So, a potty chair on the dive platform is out heh?


----------



## xort (Aug 4, 2006)

Potentially, 2 heads means disconnecting 4 hoses.
I have 2 hoses I'll have to pull.
The aft head hose is the Trident 101 which slips on and off RELATIVELY easily. But I am putting Sealand odorsafe on the forward discharge line. That hose is much more difficult and the seacock is in a very difficult spot to reach. The hose cost me over $100. The other end is at the syphon loop behind cabinetry, also difficult to reach.


----------



## Faster (Sep 13, 2005)

These new restrictions are for landlocked waters, and as I understand it we barely avoided such measures on the outer coasts as well. 

There was a considerable movement afoot once the intended guidelines were released a couple of years ago.. the coastal requirements have been eased considerably. The original proposals would have meant that everyone cruising the BC coast would have had to go outside Vancouver Island to get enough distance from "any shore" to empty the holding tank.
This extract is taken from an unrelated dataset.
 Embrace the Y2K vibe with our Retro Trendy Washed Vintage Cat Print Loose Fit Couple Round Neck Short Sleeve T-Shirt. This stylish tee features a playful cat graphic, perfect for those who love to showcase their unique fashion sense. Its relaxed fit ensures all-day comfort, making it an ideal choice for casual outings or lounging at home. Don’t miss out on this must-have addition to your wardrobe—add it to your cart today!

I think it's been eased to 3 or 5 miles now, allowing those cruising the inside passages to at least have a chance to be in compliance.
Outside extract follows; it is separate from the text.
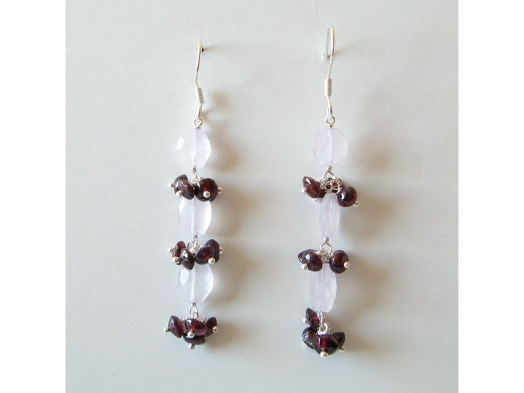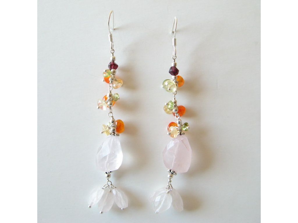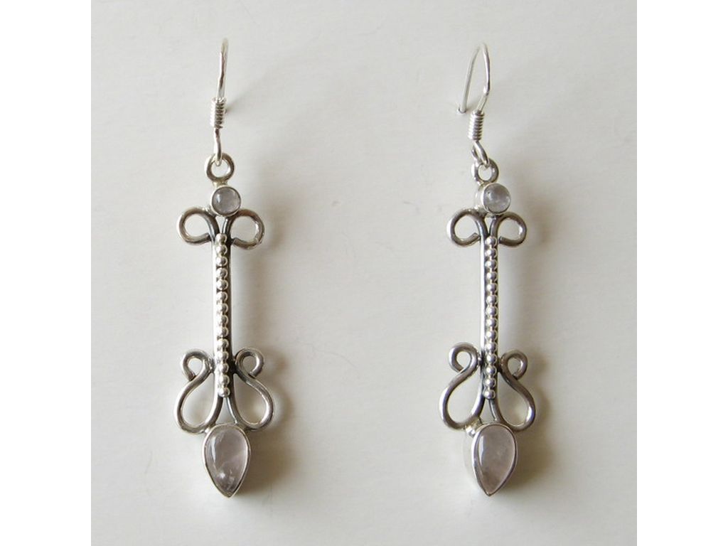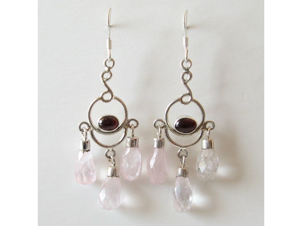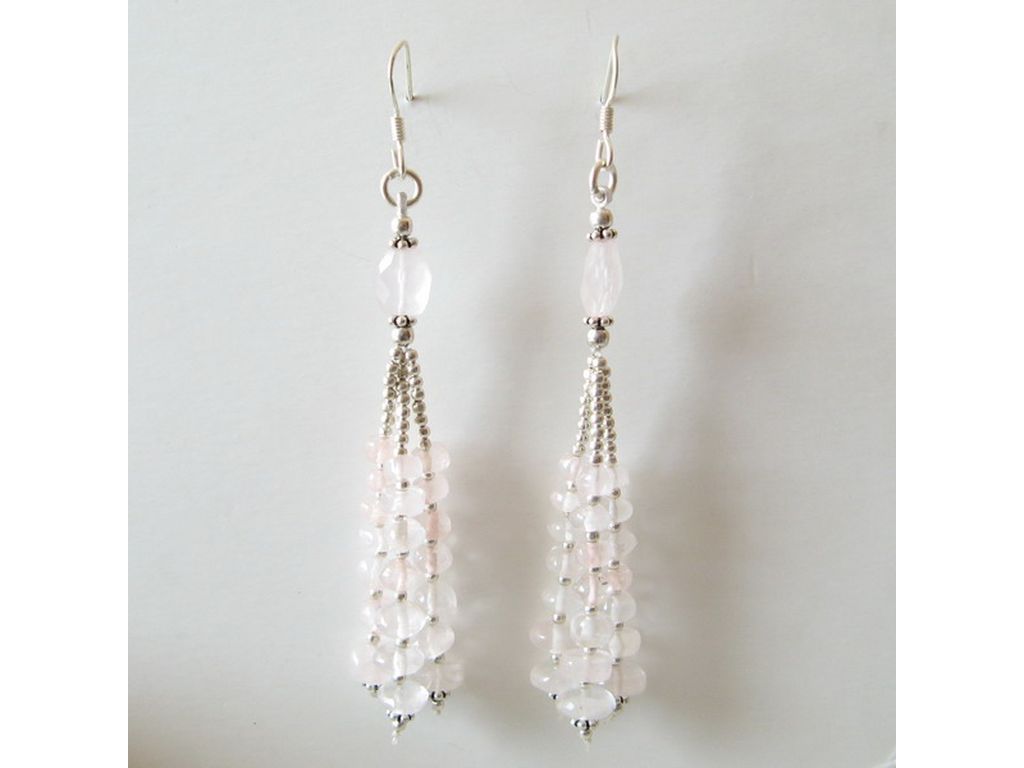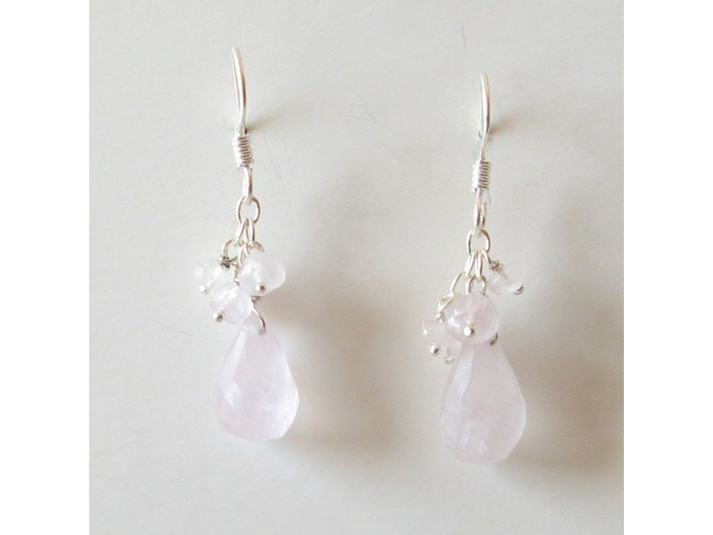 Pendiente de plata y cuarzo rosa

But I expect that there's more to come in this department.


----------



## Pogo-2 (Jan 3, 2006)

I go to Canada several times during the summer, so I've removed all piping and the Y valve associated with direct discharge of waste from my Newport 30. The question came up as to what would happen if everything just remained in the boat and the valves were just shut off. I was told the Canadians could inpound your boat, and you could be subject to a $5000.00 fine. Sorry I don't even want to find out the answer. Its not a big deal about getting pumped out, where we go in Canada if you stay at least for 2 days they will pump you out for free.


----------



## xort (Aug 4, 2006)

fast
OK, I see the Ontario & interior water designation. I'm on the Great Lakes. Looks like I'll be skipping the trips to Canada. Way too much hassle with my setup.


----------



## winterbuoy (Apr 8, 2007)

If this is true then I would say that almost every boat at our club is in violation of this rule. That would be about 300 boats of every size. Also the boats at the club next to us would have problems as well as I have been aboard a few of them. Is this a new rule? I have never heard around the docks of anyone being hassled as long as the Y valve is closed to the overboard side. As long as it’s locked with a cable strap from what I’ve heard. If true, it’s the stupidest rule I’ve heard and just another attack on boaters. Where we are, in West Toronto, there is a huge treatment plant about 2 miles away. Every time there is a big rain storm this plant can’t handle the amount of water and raw sewage is discharged into Lake Ontario, like thousands of gallons, I’ve seen it happen many times and the smell is very bad. Now how many boats would have to discharge that amount I wonder from just one incident?


----------



## Faster (Sep 13, 2005)

That's typical of the lawmakers' knee jerk reaction to environmental pressures and that fact that "yachties" are an easy target.
Victoria BC also discharges vast amounts of marginally treated sewage at a time when these kinds of rules are coming down hard on the relatively small boaters' contribution to the problem.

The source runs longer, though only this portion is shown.